**About this exercise**
Every record that follows must be duplicated exactly, with images left out.

--- Data for processing Enclosed Below ---

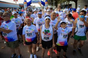 A temprana hora el Presidente Municipal, acompañado de su esposa Karina Olivas y sus hijos Marco, Pablo y Mateo se unieron a esta carrera recreativa que tuvo como finalidad, unir a las familias de la capital en un evento donde no importó si corrían, trotaban o caminaban, porque el fin era pasar un domingo donde papá, mamá, hijas, hijos, abuelos disfrutaran de la mañana.
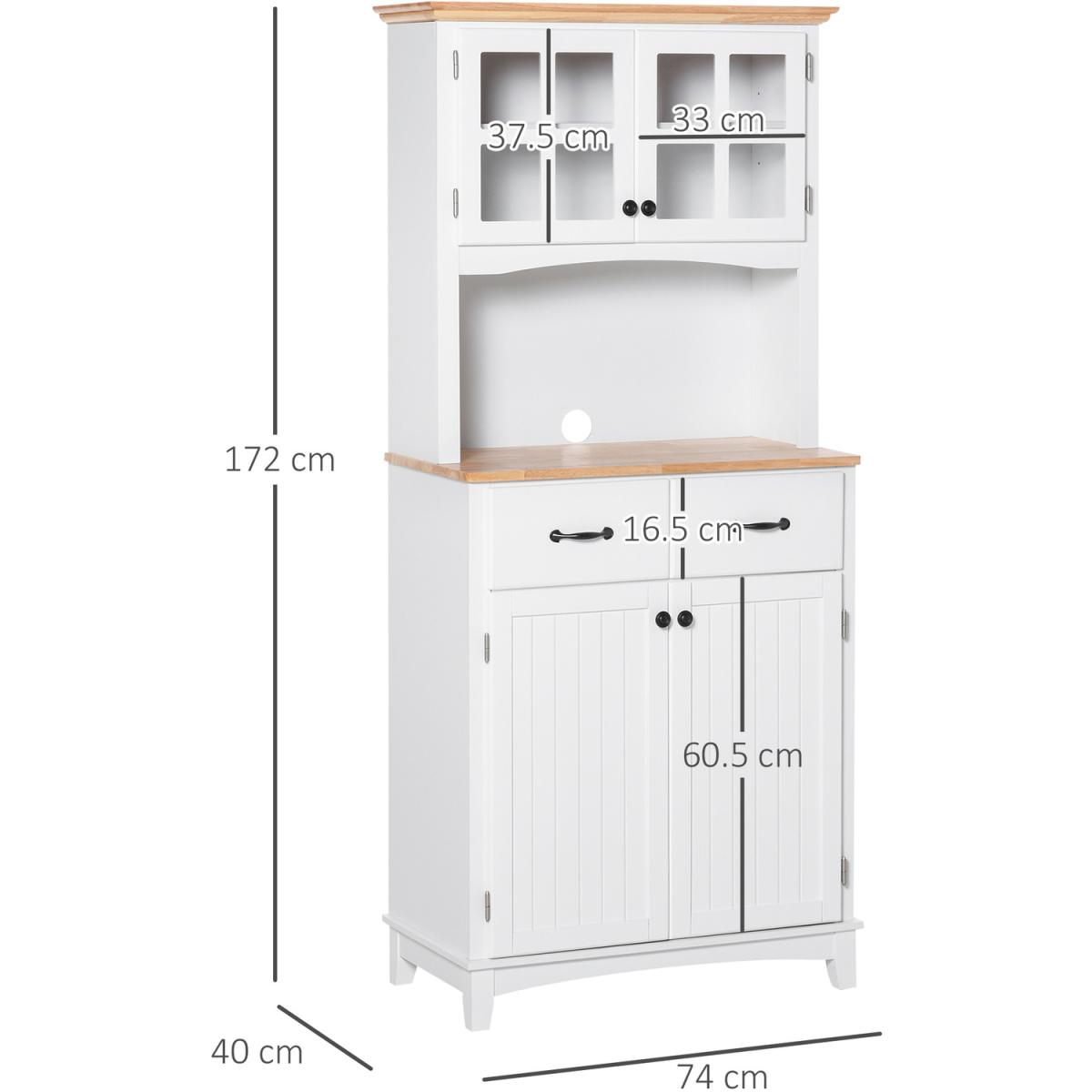 Organize your kitchenware and add more storage space with HOMCOM storage cabinets with doors and shelves. You can use the upper framed glass door cabinet to store plates or display your collections. And the lower cabinet for bigger items such as coffee machine, toaster and wines. Middle drawers can be used to put forks, knives and napkins. And the rubber wood table top offers you a spacious area to place your microwave oven, coffee machine with cable management system.
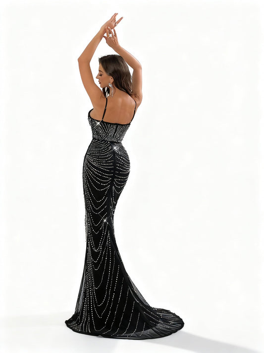 Stalluxe | Schwarzes Abendkleid mit Strass und Meerjungfrauen-Saum
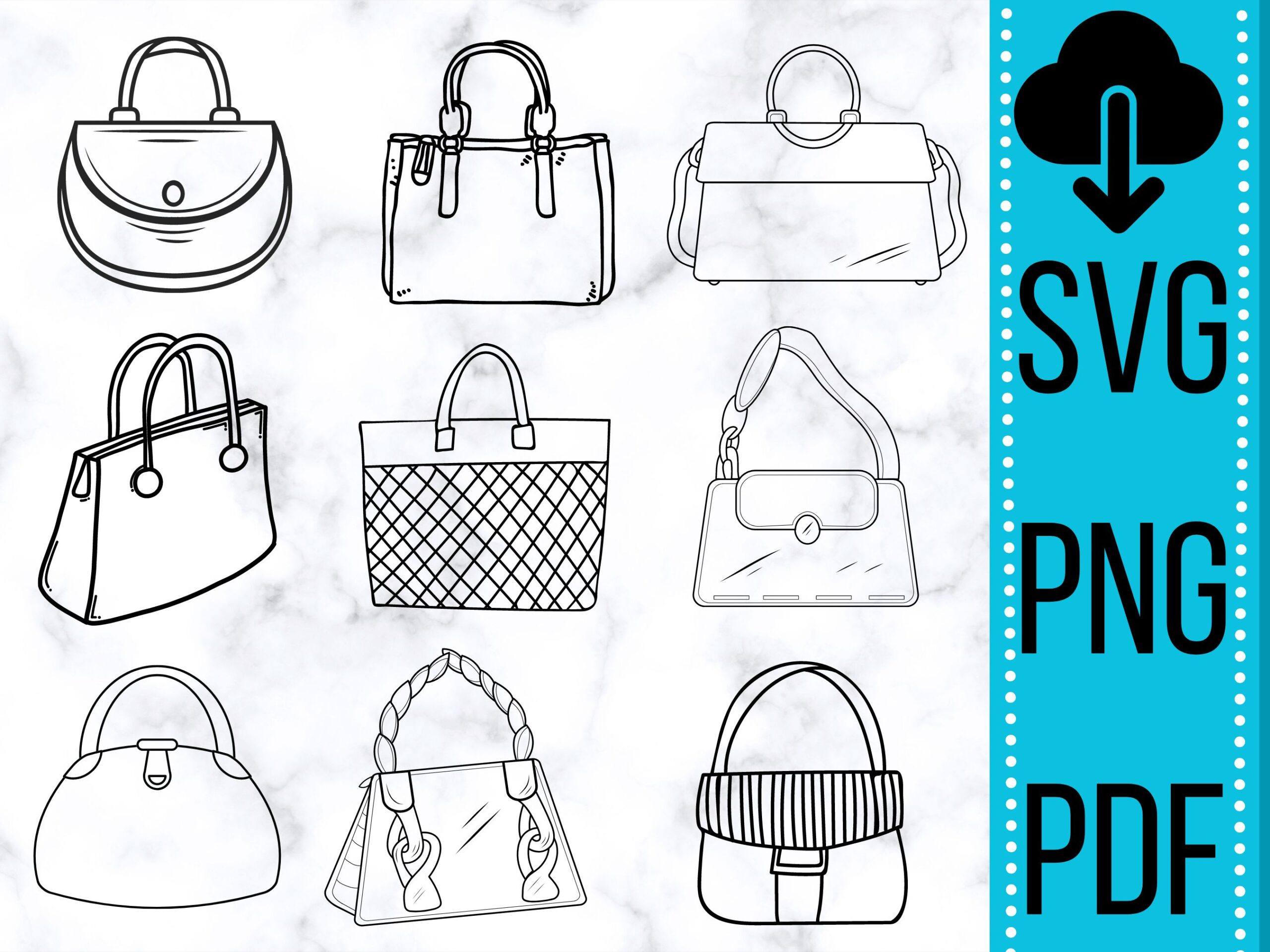 - ✅ Fashion-Forward Handbag Designs – Perfect for logos, decor, and crafting projects.
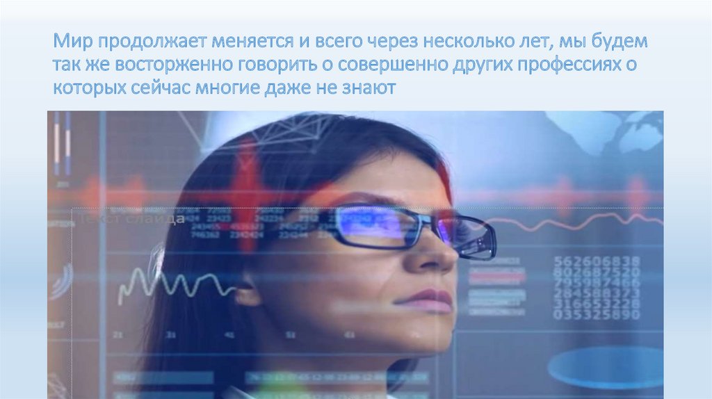 Мир продолжает меняется и всего через несколько лет, мы будемтак же восторженно говорить о совершенно других профессиях о
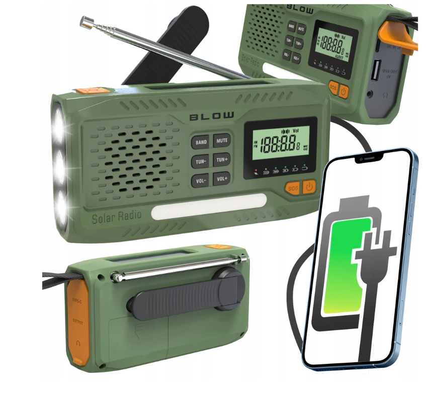 Neyðarsútvarp með sólarsellu og Dynamo-sveif.
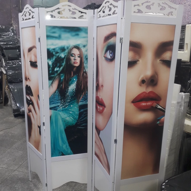 پارتیشن آرایشگاهی چهار لنگه عکس دار وساده هزینه ارسال درب منزل توسط مشتری پرداخت
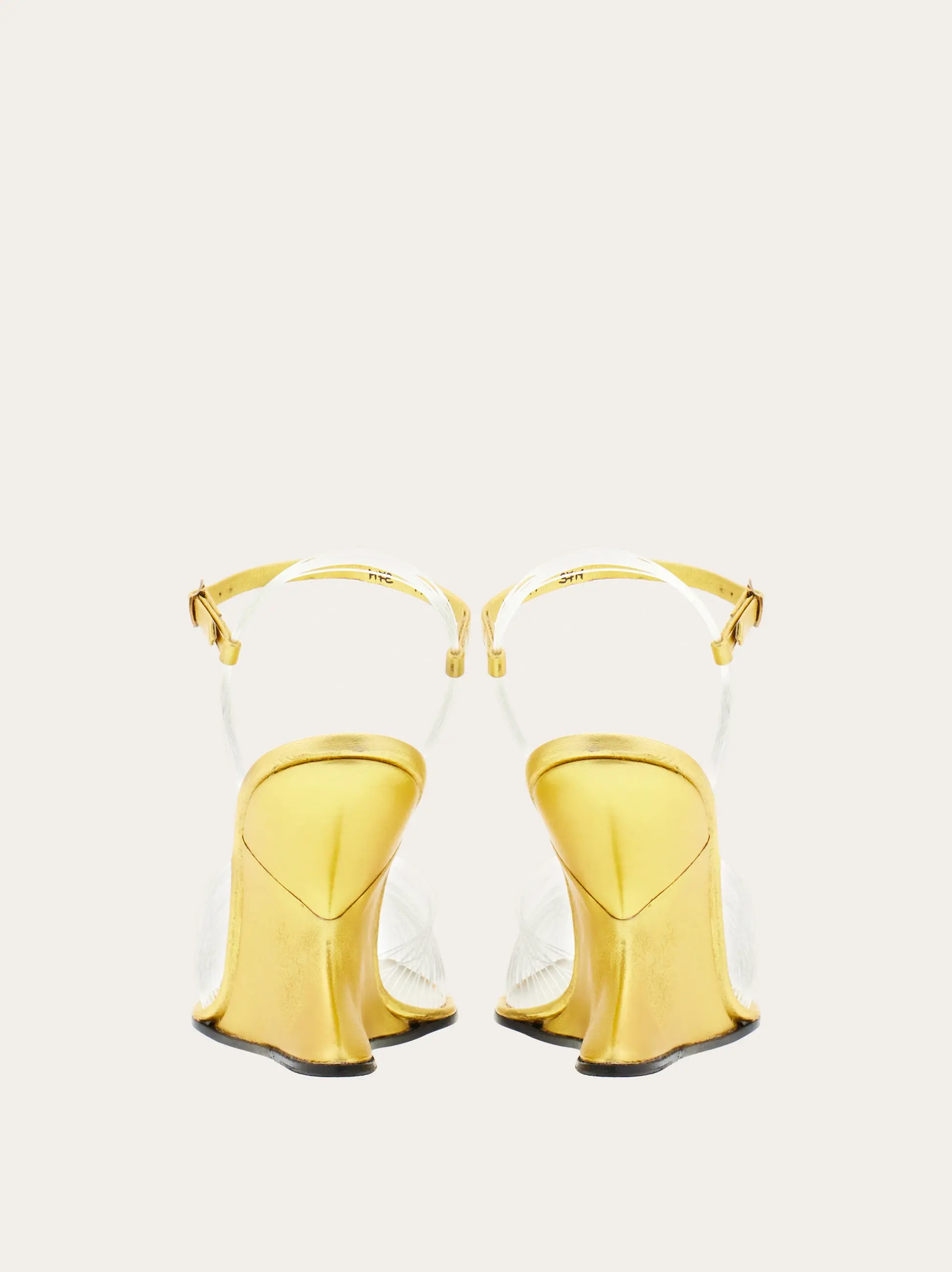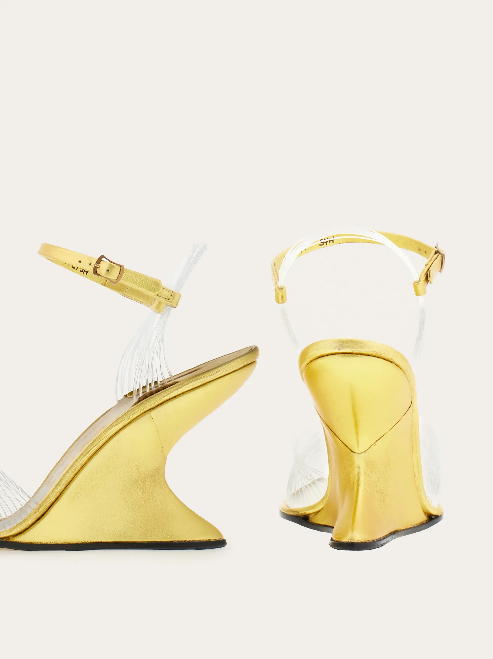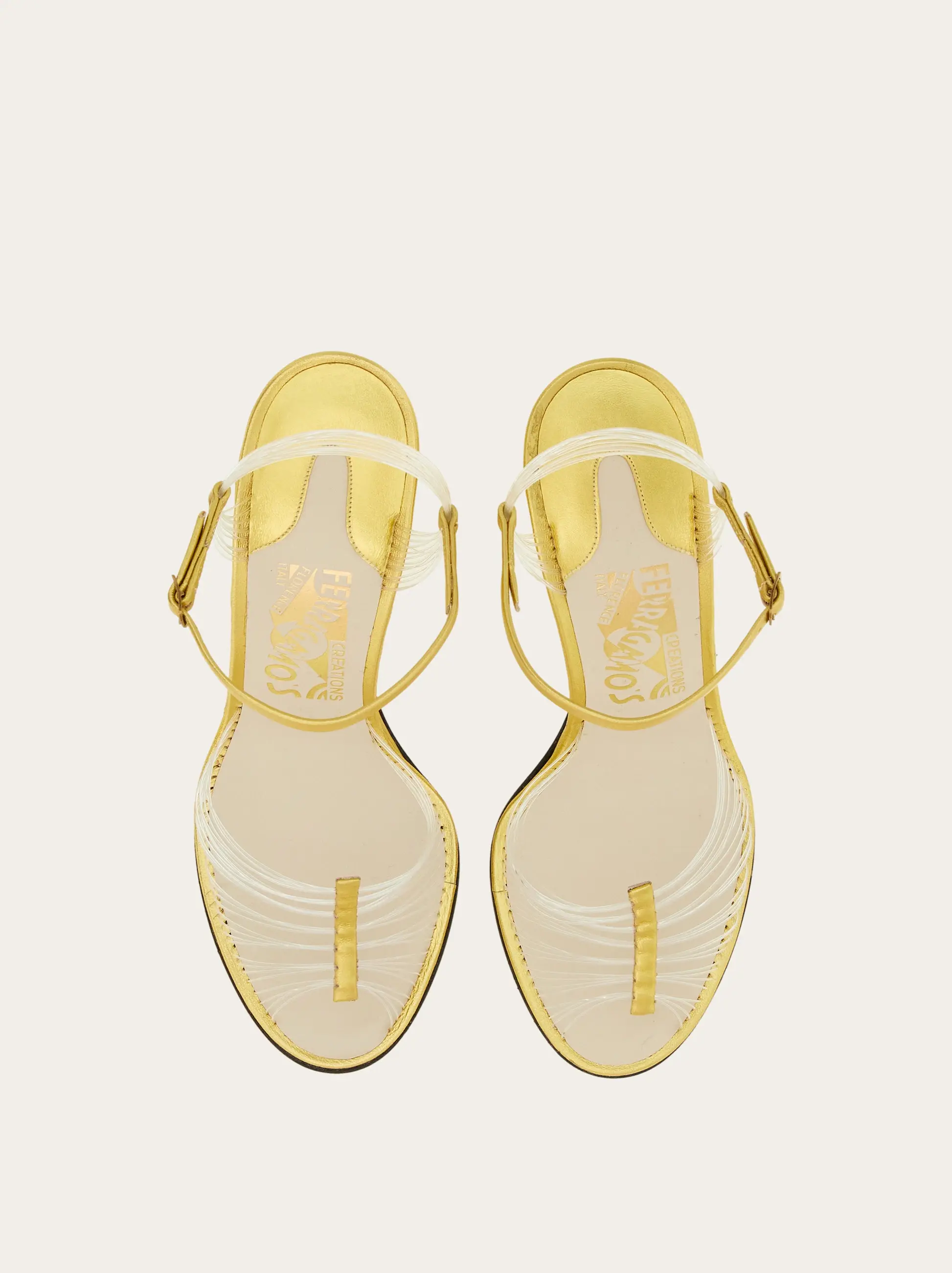 The Invisible sandal, crafted from a single nylon thread, is a step towards innovation, showcasing Salvatore Ferragamo's pioneering design. The F-shaped wood wedge sole adds a unique touch of style and comfort to this iconic creation, born in 1947 and embodying one of Ferragamo's most significant patents. This avant-garde shoe not only marks a milestone in history of fashion but also earned Ferragamo the prestigious Neiman Marcus Award in Dallas, Texas which is considered the Oscar of the fashion world.

--- End of Enclosed Data for processing ---

**Problem solution**
 A temprana hora el Presidente Municipal, acompañado de su esposa Karina Olivas y sus hijos Marco, Pablo y Mateo se unieron a esta carrera recreativa que tuvo como finalidad, unir a las familias de la capital en un evento donde no importó si corrían, trotaban o caminaban, porque el fin era pasar un domingo donde papá, mamá, hijas, hijos, abuelos disfrutaran de la mañana.
 Organize your kitchenware and add more storage space with HOMCOM storage cabinets with doors and shelves. You can use the upper framed glass door cabinet to store plates or display your collections. And the lower cabinet for bigger items such as coffee machine, toaster and wines. Middle drawers can be used to put forks, knives and napkins. And the rubber wood table top offers you a spacious area to place your microwave oven, coffee machine with cable management system.
 Stalluxe | Schwarzes Abendkleid mit Strass und Meerjungfrauen-Saum
 - ✅ Fashion-Forward Handbag Designs – Perfect for logos, decor, and crafting projects.
 Мир продолжает меняется и всего через несколько лет, мы будемтак же восторженно говорить о совершенно других профессиях о
 Neyðarsútvarp með sólarsellu og Dynamo-sveif.
 پارتیشن آرایشگاهی چهار لنگه عکس دار وساده هزینه ارسال درب منزل توسط مشتری پرداخت
 The Invisible sandal, crafted from a single nylon thread, is a step towards innovation, showcasing Salvatore Ferragamo's pioneering design. The F-shaped wood wedge sole adds a unique touch of style and comfort to this iconic creation, born in 1947 and embodying one of Ferragamo's most significant patents. This avant-garde shoe not only marks a milestone in history of fashion but also earned Ferragamo the prestigious Neiman Marcus Award in Dallas, Texas which is considered the Oscar of the fashion world.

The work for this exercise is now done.